In sacramental Communion the Christian receives the body and blood--the human life now spiritual and glorious--of our Lord. This gift bestows abiding union with our Lord on the soul. The communicant treasures that union as his constant support and joy. It sustains him in many times of temptation and trial and pain. It is a strength which lasts. There is no inconsistency if the communicant from time to time seeks the presence of the Lord where the sacrament is reserved. As Communion itself deepens and strengthens the communing with God which may be without it, so the visit to our Lord in the reserved sacrament renews and freshens the sense of the inner union which Communion has bestowed as a lasting gift.

There is a great progress of spiritual life. At no one stage does the worshipper of God deny his past. All that is of value before the Incarnation or outside Christianity is preserved by the Christian with the new life which the Christian religion supplies. The sacramental union vitalizes all the good which there might be without it. The worship of our Lord in the reserved sacrament strengthens our hold on His presence within our souls, and it gives new reality to our recognition of the presence and work of God throughout the created world.
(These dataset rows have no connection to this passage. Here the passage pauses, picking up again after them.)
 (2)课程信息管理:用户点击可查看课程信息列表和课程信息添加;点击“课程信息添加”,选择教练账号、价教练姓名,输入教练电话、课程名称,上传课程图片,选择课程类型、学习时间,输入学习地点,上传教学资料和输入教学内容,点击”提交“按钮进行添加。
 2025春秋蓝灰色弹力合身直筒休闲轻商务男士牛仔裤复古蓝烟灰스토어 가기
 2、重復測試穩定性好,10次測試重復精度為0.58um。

[1] See Cosin's Works in Library of Anglo-Catholic Theology, V, 519.

[2] Decret. 3 (de consecr.). dist. 2. cap. 23, "Quod si remanserint in crastinum non reserventur sed cum timore et tremore clericorum diligentia consumantur." Cf. Lyndwood, Provinciate, 3, 26, "Presbyter semper babebit Eucharistiam paratam propter infirmantes: de conte. di. 2 c. Presbyter. Nee obstat eo d. c. tribui ubi prohibetur hostias plures in altari dimissas reservare quia verum est quod non debent reservari ad opus consecrantium sed ad opus morien-tiutn sic ut ibi no. per fo. See also Notes and collections on the Book of Common Prayer, series i (wrongly assigned to Cosin), in Library of Anglo-Catholic Theology, Cosin's Works, V, 121; T. W. Perry, Some Historical Considerations relating to the Declaration on Kneeling (1863), pp. 122, 123; C. Atchley (1899) quoted in Hierurgia Anglicana (new edition, 1903), ii, 164, 165; W. H. Frere, A new history of the Book of Common Prayer (1901), p. 502, note i.
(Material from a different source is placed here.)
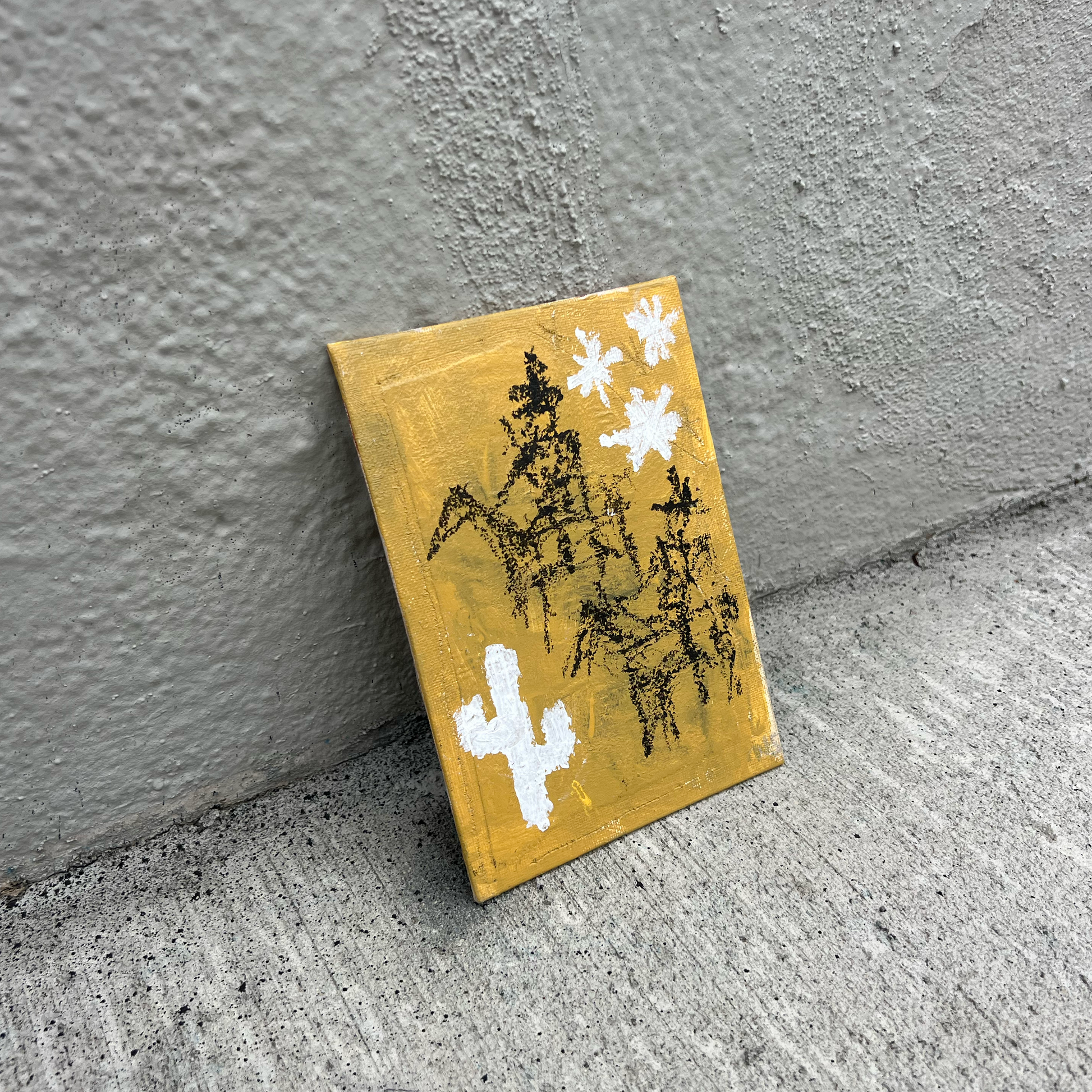 Medium: Original work - House paint, oil pastel, conté crayon, butcher paper on canvas board

[3] References to Exposition in the fifteenth and sixteenth centuries are frequent. As to Benediction, the present writer said in his The Reserved Sacrament (1917), pp. 73-75, that as a formal ceremony it probably is not older than the second half of the sixteenth century. After the publication of that book, however. Father H. Thurston in The Month for September, 1918, pp. 219-221, called attention to a probable allusion in the record of the Council held at London in 1309, and to a clear reference by Felix Hemerli, who died about 1460, in his treatise de benedictionibus aurae cum sacramento faciendii (see variae oblectationis opuscula, 1497, signature r 2 verso, r 3 recto). Hemerli refers to Benediction incidentally as an illustration of his argument as if it was well known and recognized in Germany and Switzerland. That it was not practised till the sixteenth century in France has been thought to be shown by J. B. Thiers, Traité de l'exposition du saint sacrement (1679).